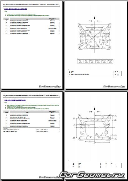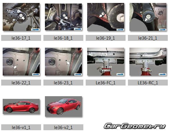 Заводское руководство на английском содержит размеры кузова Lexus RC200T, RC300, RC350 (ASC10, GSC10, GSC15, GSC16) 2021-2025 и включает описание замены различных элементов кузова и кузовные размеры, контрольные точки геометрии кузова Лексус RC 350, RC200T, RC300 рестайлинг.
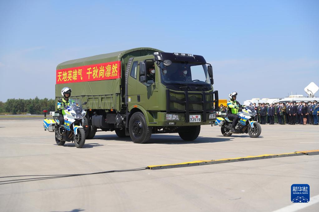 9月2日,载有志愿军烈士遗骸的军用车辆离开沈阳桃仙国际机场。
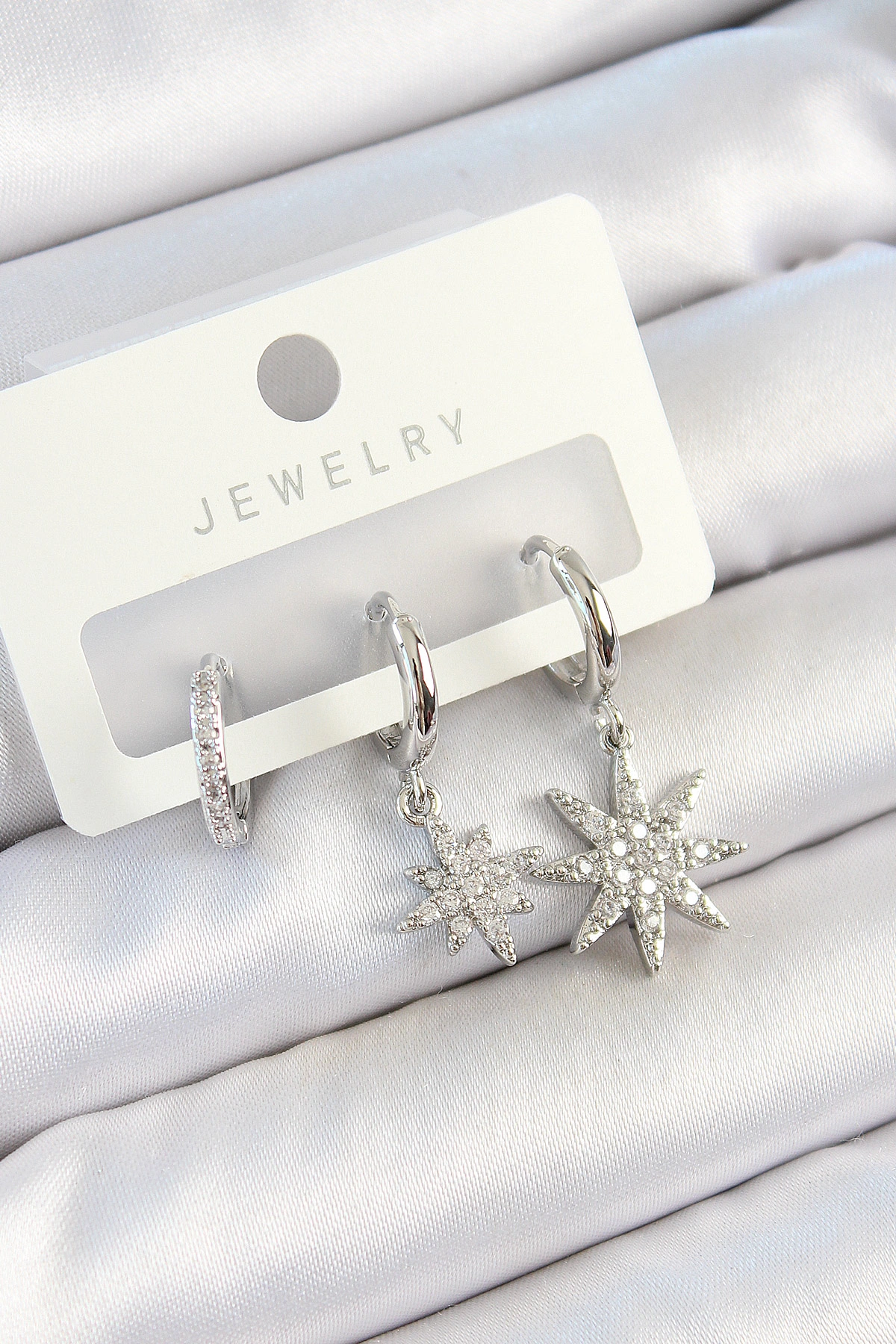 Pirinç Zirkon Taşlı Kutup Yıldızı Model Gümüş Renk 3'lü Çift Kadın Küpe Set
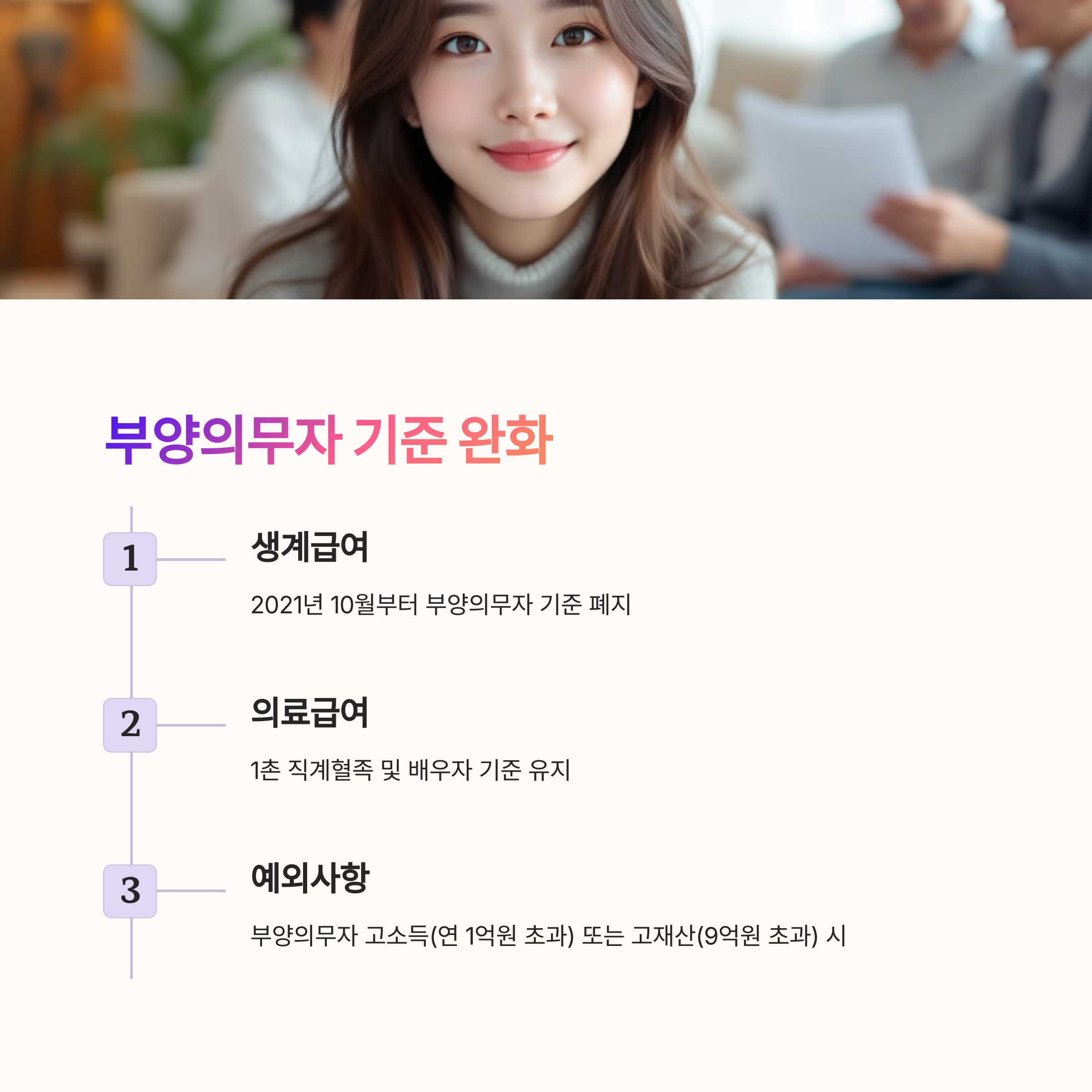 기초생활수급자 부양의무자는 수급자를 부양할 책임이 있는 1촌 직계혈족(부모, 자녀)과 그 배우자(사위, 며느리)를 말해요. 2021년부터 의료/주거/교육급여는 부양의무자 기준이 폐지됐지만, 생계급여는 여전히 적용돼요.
^^^^^^^^^^^^^^^^
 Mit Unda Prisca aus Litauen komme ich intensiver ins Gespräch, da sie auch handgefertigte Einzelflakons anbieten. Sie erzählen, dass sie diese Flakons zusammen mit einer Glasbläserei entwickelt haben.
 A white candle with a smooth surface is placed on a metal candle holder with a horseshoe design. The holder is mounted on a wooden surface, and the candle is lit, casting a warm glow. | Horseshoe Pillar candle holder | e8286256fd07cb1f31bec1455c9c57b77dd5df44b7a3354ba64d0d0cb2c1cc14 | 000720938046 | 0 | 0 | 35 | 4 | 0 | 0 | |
^^^^^^^^^^^^^^^^
▶ **What this task involves**:
In the records above, everything from the line with "Pirinç Zirkon Taşlı" down to the line with "기초생활수급자 부양의무자는" must be duplicated exactly, both lines kept. Leave no pictures in.

▶ **Output of the task**:
 Pirinç Zirkon Taşlı Kutup Yıldızı Model Gümüş Renk 3'lü Çift Kadın Küpe Set
 기초생활수급자 부양의무자는 수급자를 부양할 책임이 있는 1촌 직계혈족(부모, 자녀)과 그 배우자(사위, 며느리)를 말해요. 2021년부터 의료/주거/교육급여는 부양의무자 기준이 폐지됐지만, 생계급여는 여전히 적용돼요.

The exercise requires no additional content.